▶ _What this task involves_:
Retype only the lines below from the one with "В наличии: кухонный" to the one with "兩件式-一字領針織上衣+短褲", inclusive, skipping every image.

▶ _Task material_:
+ + + + +

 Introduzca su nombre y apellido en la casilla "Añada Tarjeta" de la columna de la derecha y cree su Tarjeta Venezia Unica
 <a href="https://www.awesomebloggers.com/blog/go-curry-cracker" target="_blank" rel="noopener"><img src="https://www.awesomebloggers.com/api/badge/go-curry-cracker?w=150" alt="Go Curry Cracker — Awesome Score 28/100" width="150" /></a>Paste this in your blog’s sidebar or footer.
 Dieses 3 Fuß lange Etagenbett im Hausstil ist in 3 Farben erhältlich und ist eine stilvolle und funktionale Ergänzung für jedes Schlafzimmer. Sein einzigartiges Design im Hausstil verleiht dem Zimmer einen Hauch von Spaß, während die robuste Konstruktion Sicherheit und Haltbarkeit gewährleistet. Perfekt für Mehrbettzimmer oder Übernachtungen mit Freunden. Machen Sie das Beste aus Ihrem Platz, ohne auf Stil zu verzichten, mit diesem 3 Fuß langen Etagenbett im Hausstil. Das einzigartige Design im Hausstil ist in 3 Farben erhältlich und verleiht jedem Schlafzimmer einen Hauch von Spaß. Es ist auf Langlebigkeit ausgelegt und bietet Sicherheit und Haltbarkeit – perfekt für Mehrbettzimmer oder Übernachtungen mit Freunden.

+ + + + +

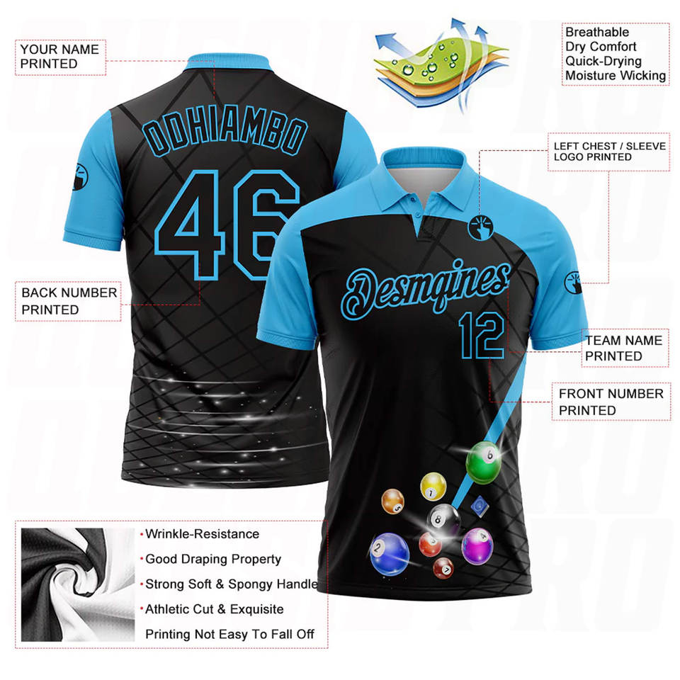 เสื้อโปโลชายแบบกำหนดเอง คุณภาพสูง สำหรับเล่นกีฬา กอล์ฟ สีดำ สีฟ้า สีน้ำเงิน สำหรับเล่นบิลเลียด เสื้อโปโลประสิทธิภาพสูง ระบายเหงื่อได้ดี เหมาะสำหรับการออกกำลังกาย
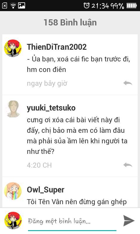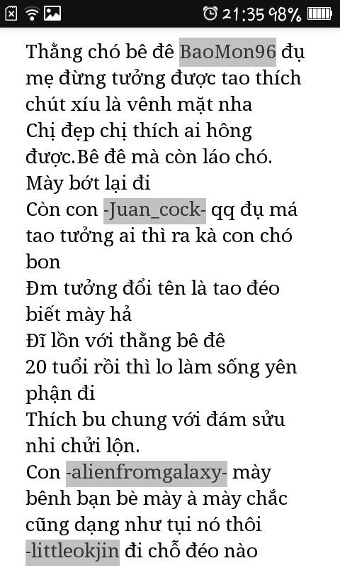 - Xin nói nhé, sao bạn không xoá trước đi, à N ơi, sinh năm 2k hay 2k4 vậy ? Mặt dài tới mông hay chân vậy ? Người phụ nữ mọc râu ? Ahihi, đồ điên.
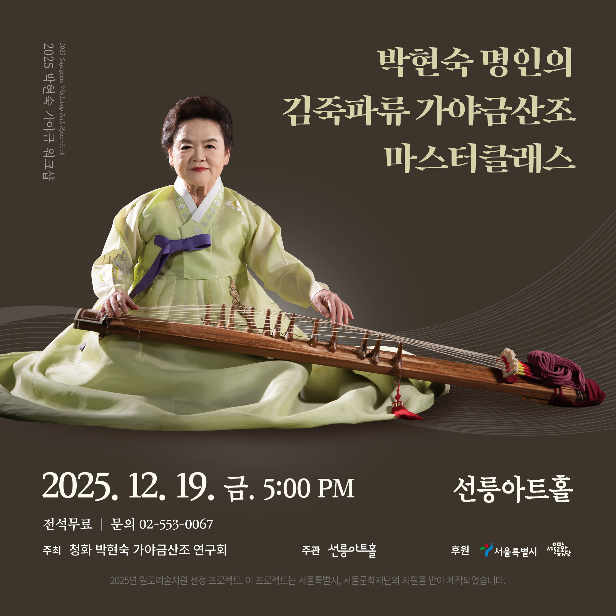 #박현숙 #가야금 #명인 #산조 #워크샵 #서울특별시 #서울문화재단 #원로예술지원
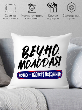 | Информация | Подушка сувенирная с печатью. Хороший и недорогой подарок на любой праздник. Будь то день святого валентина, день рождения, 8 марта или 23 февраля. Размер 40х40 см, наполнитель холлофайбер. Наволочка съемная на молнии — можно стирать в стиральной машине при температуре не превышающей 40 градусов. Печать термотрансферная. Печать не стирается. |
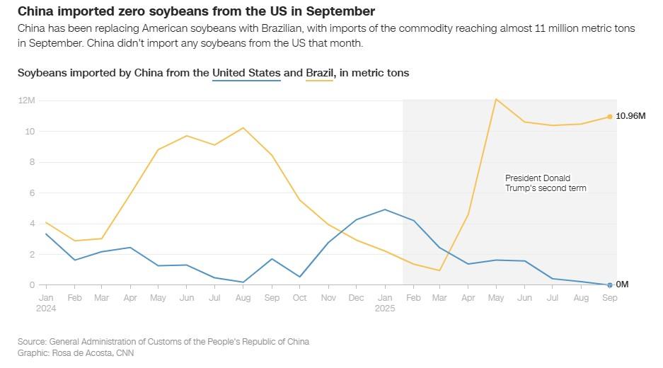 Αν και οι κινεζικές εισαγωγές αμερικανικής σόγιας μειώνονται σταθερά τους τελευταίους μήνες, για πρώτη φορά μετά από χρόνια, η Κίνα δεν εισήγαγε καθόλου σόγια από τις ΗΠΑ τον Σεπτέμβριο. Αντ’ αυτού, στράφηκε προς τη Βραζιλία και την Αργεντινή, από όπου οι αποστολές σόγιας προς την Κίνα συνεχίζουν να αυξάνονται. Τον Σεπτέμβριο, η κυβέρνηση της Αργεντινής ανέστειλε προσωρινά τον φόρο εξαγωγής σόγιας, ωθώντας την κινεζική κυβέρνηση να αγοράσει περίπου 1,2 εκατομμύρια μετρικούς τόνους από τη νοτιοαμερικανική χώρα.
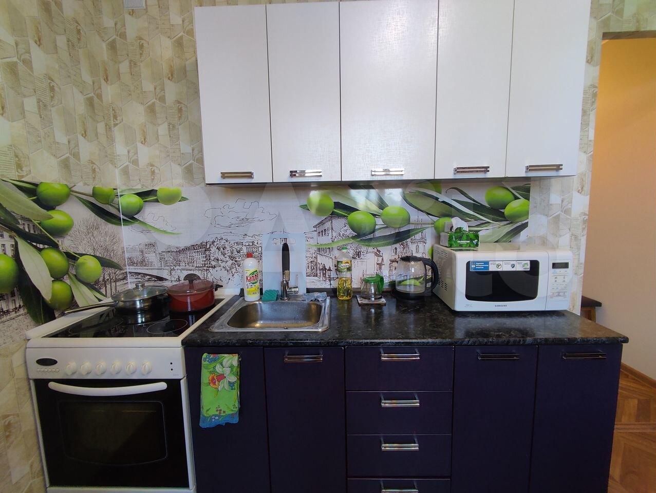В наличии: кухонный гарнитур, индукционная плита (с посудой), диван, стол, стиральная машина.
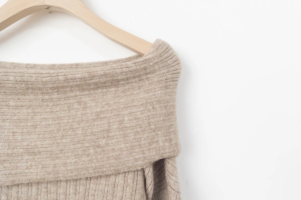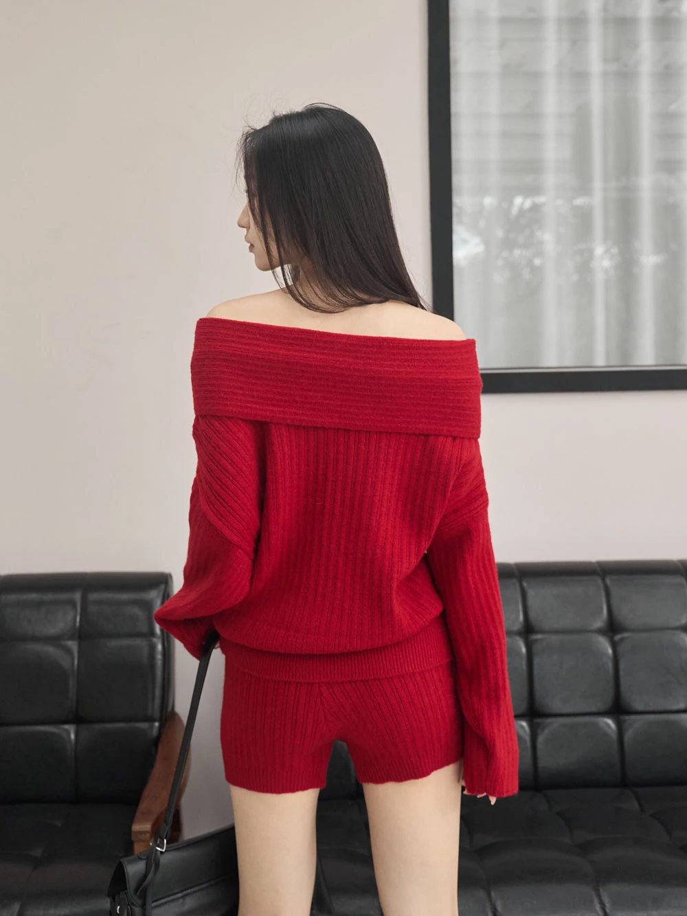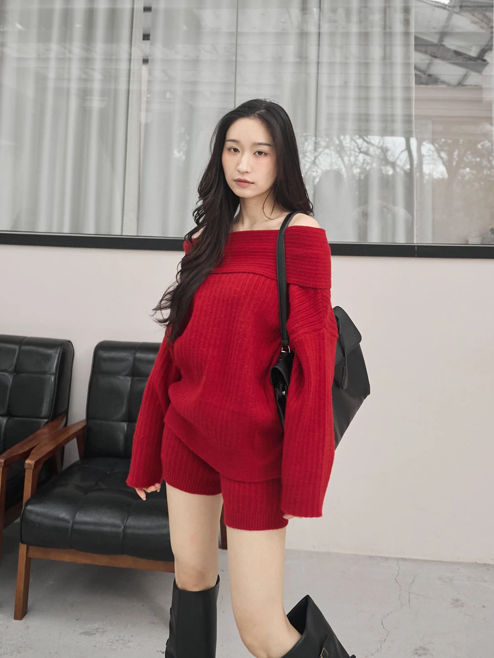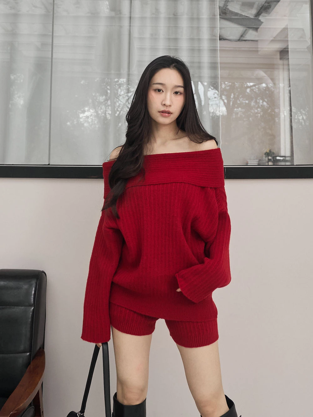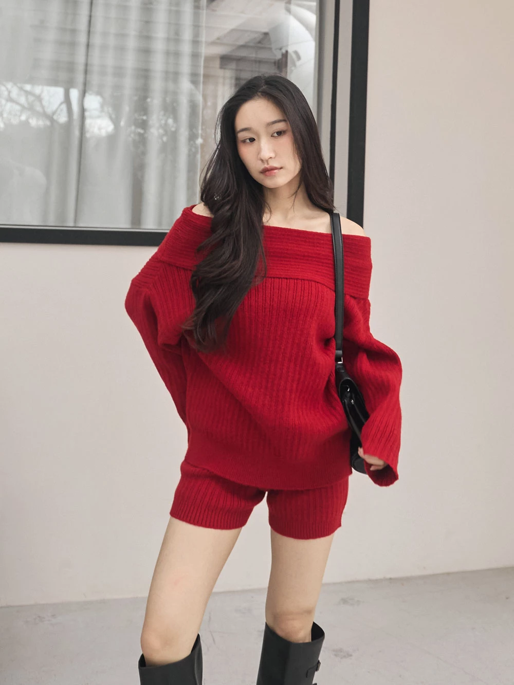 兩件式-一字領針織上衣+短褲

+ + + + +

▶ _Output below_:
В наличии: кухонный гарнитур, индукционная плита (с посудой), диван, стол, стиральная машина.
 兩件式-一字領針織上衣+短褲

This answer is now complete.